- Status: Territory of the West Indies Federation
- Currency: British West Indies dollar
- Today part of: Antigua and Barbuda

= History of Antigua and Barbuda (1958–1962) =

Territory of the West Indies Federation

This article covers the history of Antigua and Barbuda from 1958 to 1962, when it was a territory of the West Indies Federation.

== Early federation (1958-1959) ==

=== 1958 ===
Antigua joined the West Indies Federation on 3 January. On 6 January, the Governor prorogued the Legislative Council for the first time of the year. On 16 January, polling divisions were established for the 1958 West Indies federal elections by the Supervisor of Elections. From 23 January to 26 January, the Governor-General of the West Indies Federation his first official visit to the territory. Preparations for the federal election continued during the winter, with the notification of election being published on 6 March. On 8 April, the report on the federal election for the two members of Parliament from Antigua was made. The results on the colony-wide level are as follows:

| Candidate | Votes received | % of total votes |
|---|---|---|
| Bradley Carrott | 5,320 | 45.92% |
| Novelle Richards | 5,290 | 45.67% |
| J. R. Henry | 973 | 8.40% |
| Rejected ballots | 169 |  |
| Spoilt ballots | 10 |  |
| Total voters | 6,387 |  |
| Total votes | 11,583 |  |
| Registered voters | 18,352 |  |

After the election, due to both Carrott and Richards being members of the Legislative Council, two by-elections had to be held to fill the vacancies they left. On 3 May, Wilfred Jacobs was appointed as the Administrator of Antigua. On 11 May, the Antigua Defence Force was significantly reformed, with the colony retaining its force even when it was a member of the federation.

=== 1959 ===
On 1 January, the yearly Appropriation Ordinance was proposed. On 8 January, the report on the two by-elections held in May 1958 was published. On 26 January, the Legislative Council was prorouged. On 10 February, the Appropriation Ordinance was assented to, being the first law of 1959. The colony continued to maintain a military expenditure.
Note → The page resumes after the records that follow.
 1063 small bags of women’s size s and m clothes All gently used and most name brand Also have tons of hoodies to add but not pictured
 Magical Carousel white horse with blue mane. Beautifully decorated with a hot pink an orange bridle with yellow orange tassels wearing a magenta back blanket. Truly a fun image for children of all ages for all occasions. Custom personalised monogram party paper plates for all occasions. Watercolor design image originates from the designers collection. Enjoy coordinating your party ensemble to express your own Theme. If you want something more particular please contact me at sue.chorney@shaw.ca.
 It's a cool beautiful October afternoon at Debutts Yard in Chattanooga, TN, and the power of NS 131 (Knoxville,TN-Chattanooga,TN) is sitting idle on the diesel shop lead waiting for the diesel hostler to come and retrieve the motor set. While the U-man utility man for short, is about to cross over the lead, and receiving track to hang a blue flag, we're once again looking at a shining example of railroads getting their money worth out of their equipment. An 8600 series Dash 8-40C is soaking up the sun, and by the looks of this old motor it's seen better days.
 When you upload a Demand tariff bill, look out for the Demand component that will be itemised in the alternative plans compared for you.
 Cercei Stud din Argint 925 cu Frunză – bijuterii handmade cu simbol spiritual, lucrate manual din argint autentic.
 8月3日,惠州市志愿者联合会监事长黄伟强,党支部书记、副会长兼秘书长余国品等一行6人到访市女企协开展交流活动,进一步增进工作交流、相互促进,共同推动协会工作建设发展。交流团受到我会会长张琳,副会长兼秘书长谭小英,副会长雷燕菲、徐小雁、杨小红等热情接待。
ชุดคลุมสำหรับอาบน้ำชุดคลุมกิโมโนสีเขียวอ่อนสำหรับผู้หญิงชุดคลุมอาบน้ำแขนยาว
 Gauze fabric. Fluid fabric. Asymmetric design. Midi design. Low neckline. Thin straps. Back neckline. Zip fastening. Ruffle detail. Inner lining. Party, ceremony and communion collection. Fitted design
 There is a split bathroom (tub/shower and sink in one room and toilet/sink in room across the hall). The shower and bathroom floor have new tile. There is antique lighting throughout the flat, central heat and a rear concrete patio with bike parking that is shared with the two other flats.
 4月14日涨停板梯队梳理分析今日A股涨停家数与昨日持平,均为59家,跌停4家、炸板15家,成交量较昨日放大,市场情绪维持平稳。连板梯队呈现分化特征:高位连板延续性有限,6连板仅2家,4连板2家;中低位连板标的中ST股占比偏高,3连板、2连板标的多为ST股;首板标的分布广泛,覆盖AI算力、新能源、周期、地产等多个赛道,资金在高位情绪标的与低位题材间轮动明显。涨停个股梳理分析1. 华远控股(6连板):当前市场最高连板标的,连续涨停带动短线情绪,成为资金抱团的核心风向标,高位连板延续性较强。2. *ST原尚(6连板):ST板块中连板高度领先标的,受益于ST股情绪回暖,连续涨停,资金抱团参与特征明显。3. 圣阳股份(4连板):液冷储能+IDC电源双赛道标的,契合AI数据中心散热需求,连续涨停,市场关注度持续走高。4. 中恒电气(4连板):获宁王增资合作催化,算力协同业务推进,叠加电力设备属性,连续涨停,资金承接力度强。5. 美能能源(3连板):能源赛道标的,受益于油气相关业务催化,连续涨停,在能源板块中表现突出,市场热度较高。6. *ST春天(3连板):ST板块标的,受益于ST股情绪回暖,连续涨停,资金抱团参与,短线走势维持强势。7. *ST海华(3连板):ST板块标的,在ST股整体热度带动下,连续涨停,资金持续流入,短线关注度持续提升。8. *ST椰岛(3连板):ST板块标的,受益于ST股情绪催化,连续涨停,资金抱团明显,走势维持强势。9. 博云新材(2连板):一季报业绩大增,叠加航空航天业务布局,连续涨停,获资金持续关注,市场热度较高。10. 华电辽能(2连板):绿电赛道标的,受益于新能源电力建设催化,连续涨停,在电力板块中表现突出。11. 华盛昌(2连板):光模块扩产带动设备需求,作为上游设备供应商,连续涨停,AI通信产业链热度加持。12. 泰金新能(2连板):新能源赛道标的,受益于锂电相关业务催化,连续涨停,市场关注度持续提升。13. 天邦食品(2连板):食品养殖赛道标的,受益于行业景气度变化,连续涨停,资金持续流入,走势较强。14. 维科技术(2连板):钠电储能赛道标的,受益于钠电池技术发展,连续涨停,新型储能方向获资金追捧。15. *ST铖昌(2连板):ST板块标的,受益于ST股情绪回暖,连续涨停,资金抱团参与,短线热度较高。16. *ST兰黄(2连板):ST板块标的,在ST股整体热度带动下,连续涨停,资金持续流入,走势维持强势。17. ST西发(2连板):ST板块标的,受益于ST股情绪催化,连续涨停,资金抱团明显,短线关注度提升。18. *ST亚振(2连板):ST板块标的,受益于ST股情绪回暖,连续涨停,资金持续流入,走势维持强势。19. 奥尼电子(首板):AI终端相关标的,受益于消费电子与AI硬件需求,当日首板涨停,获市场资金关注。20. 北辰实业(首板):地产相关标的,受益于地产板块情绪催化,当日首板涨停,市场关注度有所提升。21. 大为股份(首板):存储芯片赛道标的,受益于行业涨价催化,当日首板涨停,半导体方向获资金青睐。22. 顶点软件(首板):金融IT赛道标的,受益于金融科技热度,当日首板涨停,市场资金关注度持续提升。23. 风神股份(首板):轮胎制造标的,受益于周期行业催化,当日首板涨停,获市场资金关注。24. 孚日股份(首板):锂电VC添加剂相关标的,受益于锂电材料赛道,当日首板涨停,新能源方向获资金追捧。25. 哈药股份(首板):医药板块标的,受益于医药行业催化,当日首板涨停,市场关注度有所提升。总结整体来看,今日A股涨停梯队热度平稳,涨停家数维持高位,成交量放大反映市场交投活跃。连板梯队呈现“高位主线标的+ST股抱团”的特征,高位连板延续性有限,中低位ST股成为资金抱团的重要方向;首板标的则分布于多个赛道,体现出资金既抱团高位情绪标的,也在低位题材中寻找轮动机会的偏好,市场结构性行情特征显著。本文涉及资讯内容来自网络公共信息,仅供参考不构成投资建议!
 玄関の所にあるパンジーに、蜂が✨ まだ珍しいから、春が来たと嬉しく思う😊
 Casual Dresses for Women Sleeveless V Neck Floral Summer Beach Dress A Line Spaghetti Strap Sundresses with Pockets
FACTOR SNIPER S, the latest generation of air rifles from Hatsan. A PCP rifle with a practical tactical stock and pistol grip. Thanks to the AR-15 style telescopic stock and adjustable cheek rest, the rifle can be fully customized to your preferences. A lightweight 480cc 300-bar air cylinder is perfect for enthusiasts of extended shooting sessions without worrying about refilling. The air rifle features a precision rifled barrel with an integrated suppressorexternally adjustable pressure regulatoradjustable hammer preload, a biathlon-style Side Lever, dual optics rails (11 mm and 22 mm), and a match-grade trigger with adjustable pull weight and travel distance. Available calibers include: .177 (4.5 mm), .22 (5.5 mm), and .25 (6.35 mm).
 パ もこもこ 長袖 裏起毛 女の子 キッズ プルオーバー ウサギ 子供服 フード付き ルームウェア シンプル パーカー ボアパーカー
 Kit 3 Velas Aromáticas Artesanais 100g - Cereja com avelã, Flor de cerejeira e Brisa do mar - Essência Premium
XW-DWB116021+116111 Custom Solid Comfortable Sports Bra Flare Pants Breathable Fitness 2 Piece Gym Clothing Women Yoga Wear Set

In Barbuda, a notice for the potential opening of a mail tender service between Antigua and Barbuda was published by the Administrator on 11 March. Barbuda continued to be run by a warden during this period. On 4 June 1959, the Governor departed Antigua for the United Kingdom to participate in a constitutional conference. On 27 August 1959, an amendment to the Barbuda Ordinance was passed, mostly relating to deer. On 12 November 1959, the Federal Supreme Court sat in Antigua. On 7 December 1959, a bill amending the Antigua Constitution and Elections Ordinance was published, following the conference in June. In the edition of the Gazette published on 31 December, it was announced that the official residence of the Administrator would now be Government House, and that various postal stamps relating to the adaptation of the new constitutional amendment would be available for sale. On 31 December, the Legislative Council was also prorogued.

== Self-governance (1960-1962) ==
On 1 January, Antigua became self-governing, with Vere Bird now being the Chief Minister. The Executive Council became composed of the Chief Minister, three other ministers, one other member, and the ex officio attorney-general. The Chief Minister was to be the member of the Legislative Council who can command the support of the majority of members. The ministers must be members of the Legislative Council, and be appointed by the Administrator on the advice of the Chief Minister. The ministers before the amendment were Edmund Lake for social services, Vere Bird for trade and production, Bradley Carrott without portfolio, and Ernest Williams for public works and communication. On 31 May 1960 the Antigua Constitution and Elections Ordinance was further amended to create new constituencies, including the Barbuda constituency. On 6 July 1960, Henry Joseph Elwin was appointed as Supervisor of Elections and various preparations were made for the upcoming 1960 Antiguan general election. On 29 November 1960, the election was held, resulting in a victory for the Antigua Labor Party.

On 31 May 1962, the West Indies Federation was abolished.